Plant High student lived full life before fatal motorcycle crash, mom says

TAMPA — Benjamin Francis was a teenager but lived more than most people do in a lifetime, his mother said.

Francis, a junior at Plant High School, celebrated his 17th birthday Thursday and the next day, he died from injuries he received when the motorcycle he was riding collided with another vehicle in South Tampa. Another Plant High student, a 15-year-old girl, was riding on the back of the motorcycle and remains hospitalized with injuries at Tampa General Hospital.

Police did not release her name.

Francis left school early Friday and was traveling east on Bay to Bay Boulevard at 12:55 p.m. when he collided with the side of a Kia Sorento headed north on Lois Avenue, Tampa police said. The Kia driver had stopped for a stop sign and was proceeding across Bay to Bay but did not see the motorcycle as it approached at a high rate of speed, police said.

The driver of the Kia also was injured and taken to a hospital. He is expected to survive, police said.

The crash remains under investigation.

Francis’ mother, Iris Rodgers, trusted her son on a motorcycle, she said. But she worried about others on the road.

Rodgers described her son’s life as vibrant, his interests broad. He traveled to Germany and Spain, spending time skiing and snorkeling. He played baseball and piano and rode motocross. But Rodgers will remember most his love of engines.

“He had an engineering kind of mind,” Rodgers said. “He was a brilliant kid. He would have done something special.”

Rodgers recalls going on Busch Gardens’ Cheetah Hunt with Francis, where he explained the mechanisms of the high-powered roller coaster.

Francis got the “mechanics” gene from his father, Gary Francis. The boy was given an electric bike when he was around 5 and wore out the tires before he got a gas-powered bike. Father and son had been riding together since Francis could walk.

“We used to always have helmet radios,” Gary Francis said. “So a lot of the thousands of hours we’ve ridden in the dirt or on the streets, we were always talking to each other on the radio.”

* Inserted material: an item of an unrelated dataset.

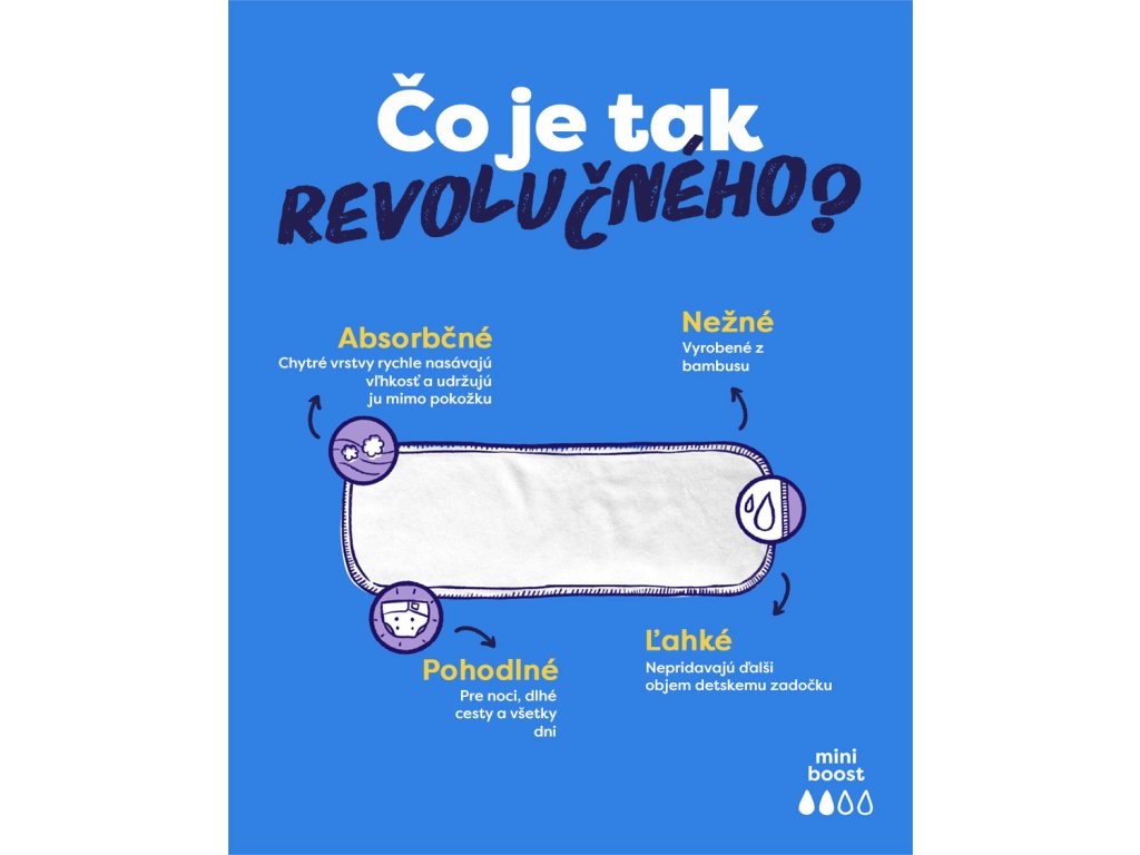 U novorodencov je objem žalúdka veľmi malý cca 6 ml. Ako dieťa rastie, zväčšuje sa aj objem jeho žalúdka, v 1 mesiaci 80-150ml. Spolu s rastúcim žalúdkom, rastie aj množstvo, ktoré dieťa skonzumuje a predlžuje sa doba medzi dojčením. Preto spočiatku stačí kapacita samotnej plienky, neskôr pridáme absorpčnú vkladaciu vložku mini boost, ktorá takmer nezväčší jej objem, ale zdvojnásobí jej kapacitu.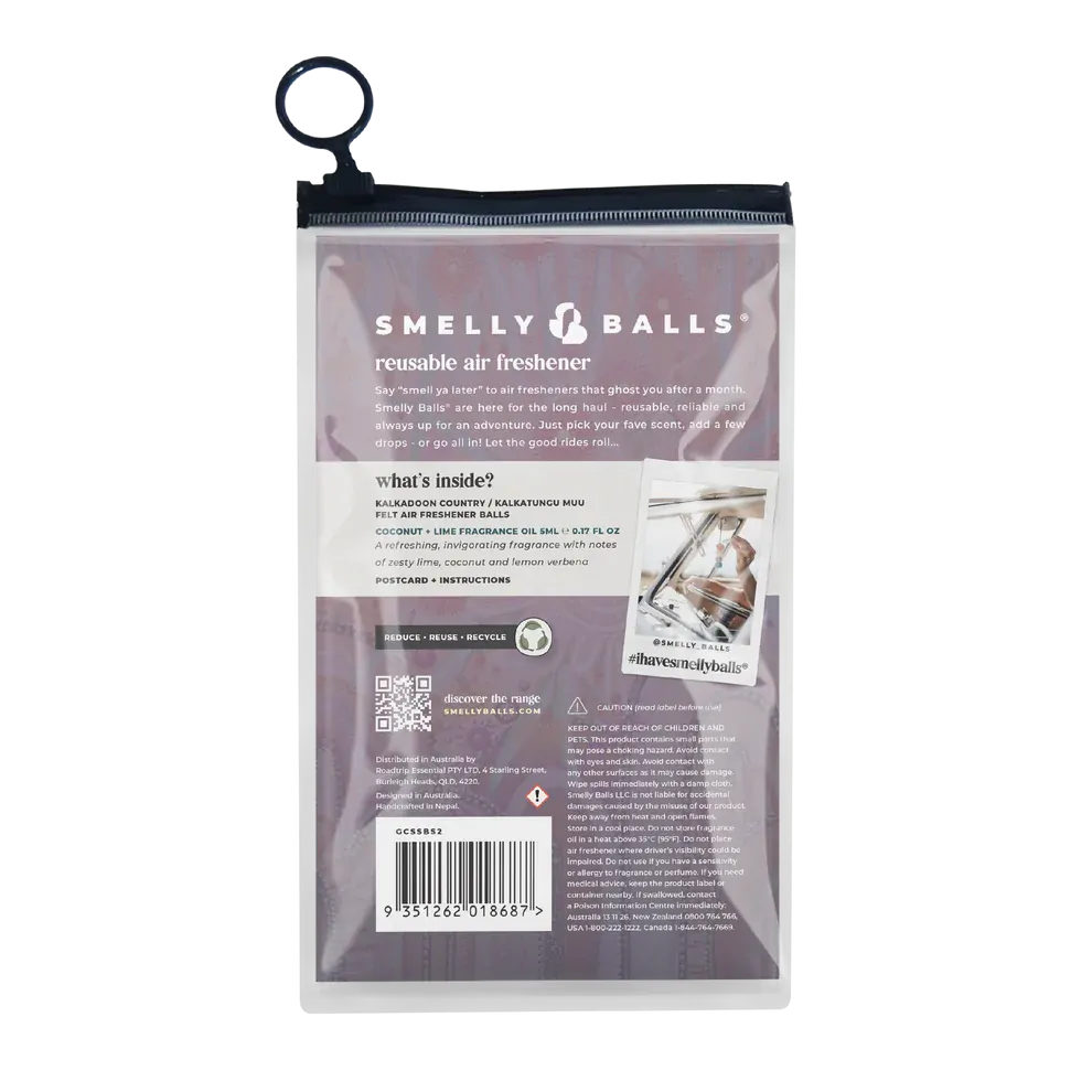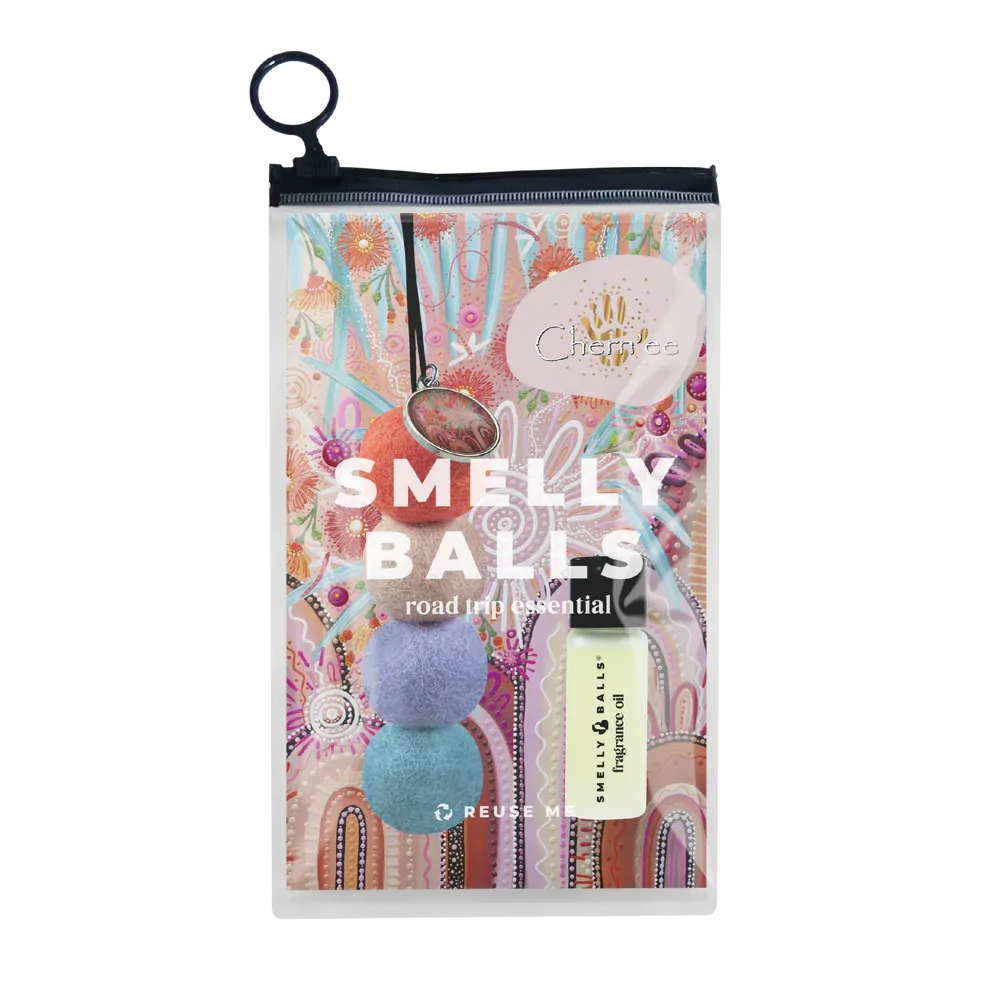 Contains: 4 Unscented Ethically Sourced Wool Felt Balls with Chern'ee Sutton Artwork charm and elastic string for easy hanging. Includes 5mL Fragrance Oil to scent the balls PLUS Postcard with instrutions and Reusable Plastic Pouch

He said he’s sure his son and the teen’s passenger were wearing helmets at the time of the crash. He always did.

Francis devoured books, articles and videos on engines. His father took him to Barney’s Motorcycle and Marine in St. Petersburg for the first time at age 15, and Francis knew immediately he wanted to work there. A manager was impressed by the teen’s knowledge of engines but told him he had to be 16 to work there. A year later, he went back and got the job.

Friends held a vigil for Francis on Saturday night on Davis Islands, setting off fireworks, like Francis loved to do.

Connor Hanlon, a junior at Plant High, said Francis was a great friend and funny, without a mean bone in his body. Friends recalled the time he drove a lawnmower to school after the principal told him his motorcycle was too loud.

It has warmed his father’s heart to hear from his son’s friends that the teen sought out people who were lonely to offer companionship. As a child, Francis got a dollar from his dad for each friend he made during vacations that took them to RV parks.

“We’d pull up and Ben would ask, ‘Hey, you want to play manhunt?’ Every RV park it was $10, $20 worth of new friends.”

Gary Francis said he has begun writing down all the things his son told him over the years. He’s planning on taking to heart the words of advice the teen gave him.

He compared his feelings since learning of his son’s death to riding a roller coaster: “I’m going to have a lot of ups and downs. I’m just hanging on.”